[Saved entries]
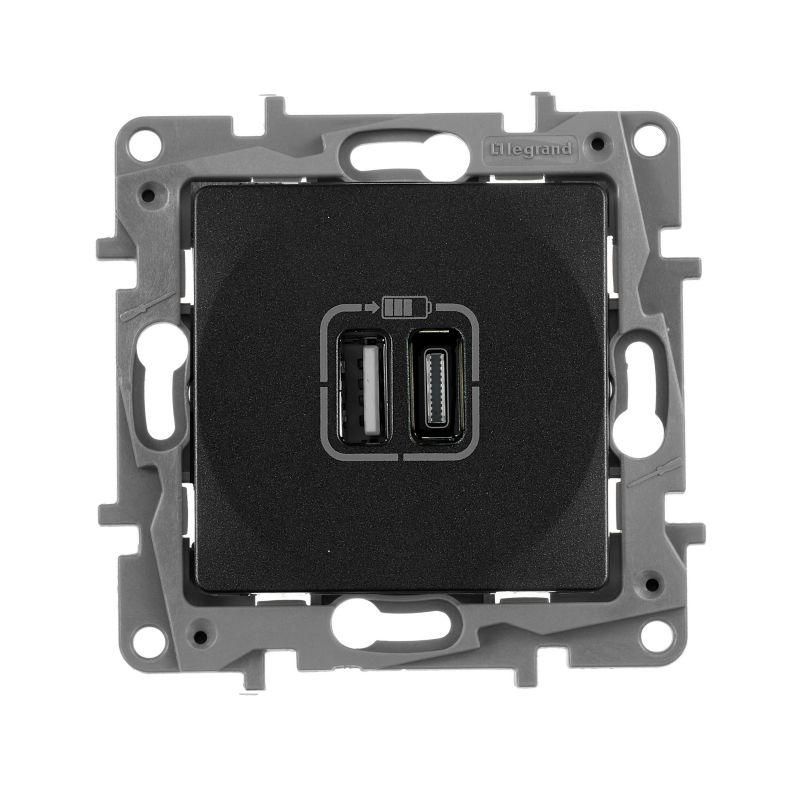 Устройство зарядное Etika с 2-мя USB разъемами A и C 240В/5В 3000мА антрацит IEK 672636 Legrand
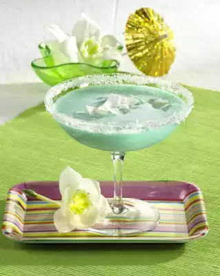 Put lemon juice and grated coconut on 2 plates. Dip the rim of the glass first in lemon juice, then in grated coconut and leave to dry. Shake rum, vodka, Blue Curaçao, pineapple juice and coconut cream with crushed ice in a shaker. Pour the cocktail through a sieve into the prepared glass. Serve immediately decorated with coconut flakes
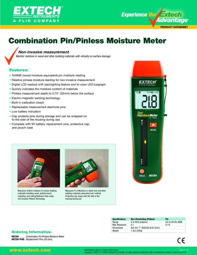 Higrometr do materiałów budowlanych Extech MO260, inwazyjny
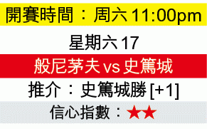 般尼茅夫周中作客爆大冷勝車路士後跳升到第10位,領先18位的修咸頓五分,尚未安全,今對史篤城是搶分戰,要注意是打和對主隊來說並不差,踢法或較保守。史篤城靠主場搶分,今季英超作客僅一勝,易帥後最大改變是失球減少。
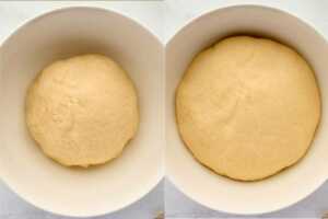 Knead dough:In the bowl of a stand mixer, combine flour and salt. Add yeast mixture, knead with the dough hook attachment on medium speed for 8-10 minutes, or until dough is soft and stretchy.If needed, add more flour, 1 tablespoon at a time, until dough pulls away from the sides of the bowl and forms a soft ball.Tip: The dough should feel soft and slightly tacky but not stick in large clumps to your fingers.

* **PROBLEM STATEMENT**
Send back the data above verbatim, leaving out its pictures.

* **RESPONSE BOX**
 Устройство зарядное Etika с 2-мя USB разъемами A и C 240В/5В 3000мА антрацит IEK 672636 Legrand
 Put lemon juice and grated coconut on 2 plates. Dip the rim of the glass first in lemon juice, then in grated coconut and leave to dry. Shake rum, vodka, Blue Curaçao, pineapple juice and coconut cream with crushed ice in a shaker. Pour the cocktail through a sieve into the prepared glass. Serve immediately decorated with coconut flakes
 Higrometr do materiałów budowlanych Extech MO260, inwazyjny
 般尼茅夫周中作客爆大冷勝車路士後跳升到第10位,領先18位的修咸頓五分,尚未安全,今對史篤城是搶分戰,要注意是打和對主隊來說並不差,踢法或較保守。史篤城靠主場搶分,今季英超作客僅一勝,易帥後最大改變是失球減少。
 Knead dough:In the bowl of a stand mixer, combine flour and salt. Add yeast mixture, knead with the dough hook attachment on medium speed for 8-10 minutes, or until dough is soft and stretchy.If needed, add more flour, 1 tablespoon at a time, until dough pulls away from the sides of the bowl and forms a soft ball.Tip: The dough should feel soft and slightly tacky but not stick in large clumps to your fingers.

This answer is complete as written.